● **What is required**
Repeat the listing below exactly. Pictures do not belong in the copy.

● **Recorded data**
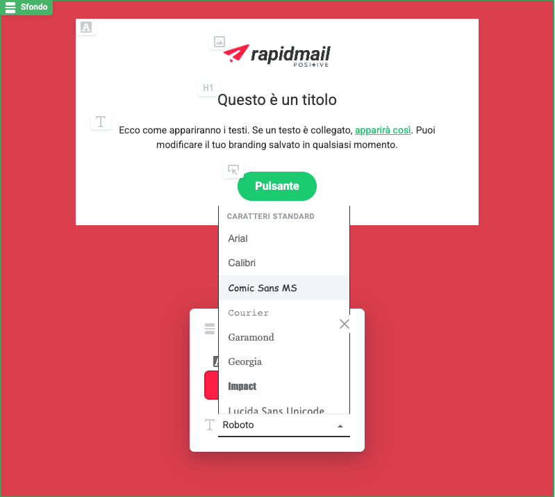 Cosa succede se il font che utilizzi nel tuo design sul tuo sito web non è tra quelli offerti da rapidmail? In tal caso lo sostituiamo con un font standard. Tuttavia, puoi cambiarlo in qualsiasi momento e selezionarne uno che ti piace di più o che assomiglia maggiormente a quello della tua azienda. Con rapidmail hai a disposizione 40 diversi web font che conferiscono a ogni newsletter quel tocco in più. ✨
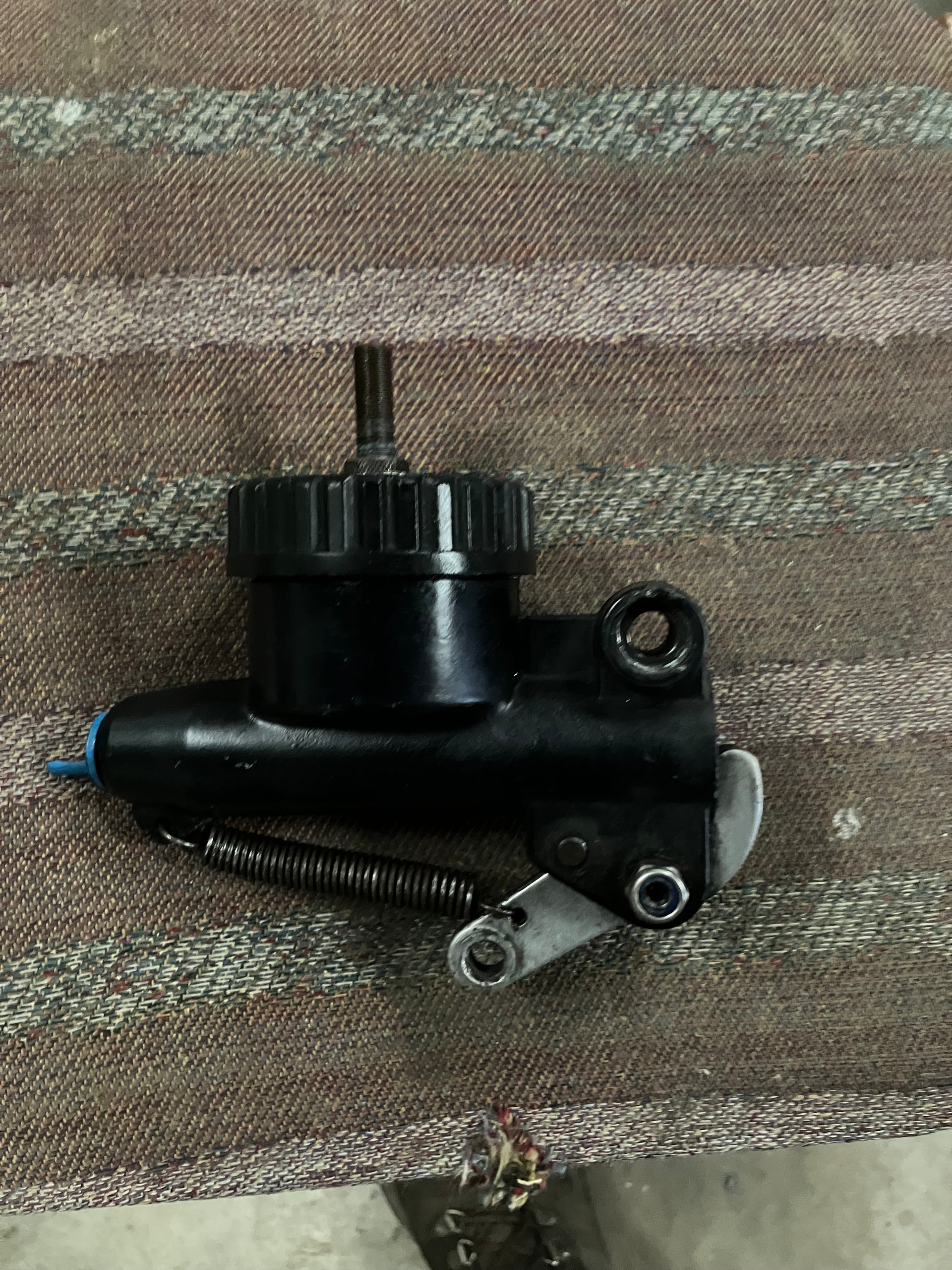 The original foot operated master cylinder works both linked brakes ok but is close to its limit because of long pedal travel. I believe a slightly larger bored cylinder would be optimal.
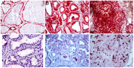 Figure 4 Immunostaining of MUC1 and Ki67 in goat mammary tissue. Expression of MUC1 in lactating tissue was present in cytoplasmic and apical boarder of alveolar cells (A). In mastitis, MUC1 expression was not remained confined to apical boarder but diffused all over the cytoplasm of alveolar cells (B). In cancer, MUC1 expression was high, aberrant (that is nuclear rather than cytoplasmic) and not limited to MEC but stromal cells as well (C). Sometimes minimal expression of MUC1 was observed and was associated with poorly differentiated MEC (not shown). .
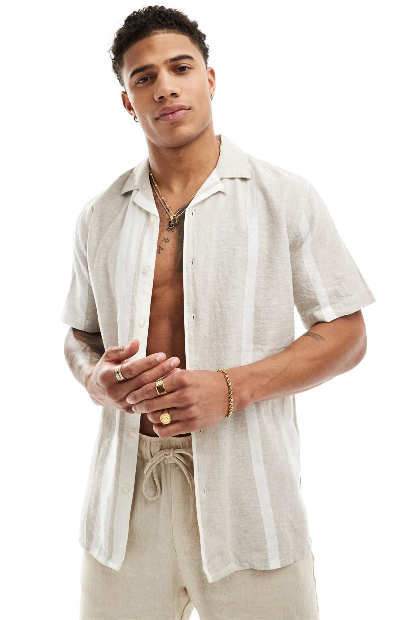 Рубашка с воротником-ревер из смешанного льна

● **Written solution**
 Cosa succede se il font che utilizzi nel tuo design sul tuo sito web non è tra quelli offerti da rapidmail? In tal caso lo sostituiamo con un font standard. Tuttavia, puoi cambiarlo in qualsiasi momento e selezionarne uno che ti piace di più o che assomiglia maggiormente a quello della tua azienda. Con rapidmail hai a disposizione 40 diversi web font che conferiscono a ogni newsletter quel tocco in più. ✨
 The original foot operated master cylinder works both linked brakes ok but is close to its limit because of long pedal travel. I believe a slightly larger bored cylinder would be optimal.
 Figure 4 Immunostaining of MUC1 and Ki67 in goat mammary tissue. Expression of MUC1 in lactating tissue was present in cytoplasmic and apical boarder of alveolar cells (A). In mastitis, MUC1 expression was not remained confined to apical boarder but diffused all over the cytoplasm of alveolar cells (B). In cancer, MUC1 expression was high, aberrant (that is nuclear rather than cytoplasmic) and not limited to MEC but stromal cells as well (C). Sometimes minimal expression of MUC1 was observed and was associated with poorly differentiated MEC (not shown). .
 Рубашка с воротником-ревер из смешанного льна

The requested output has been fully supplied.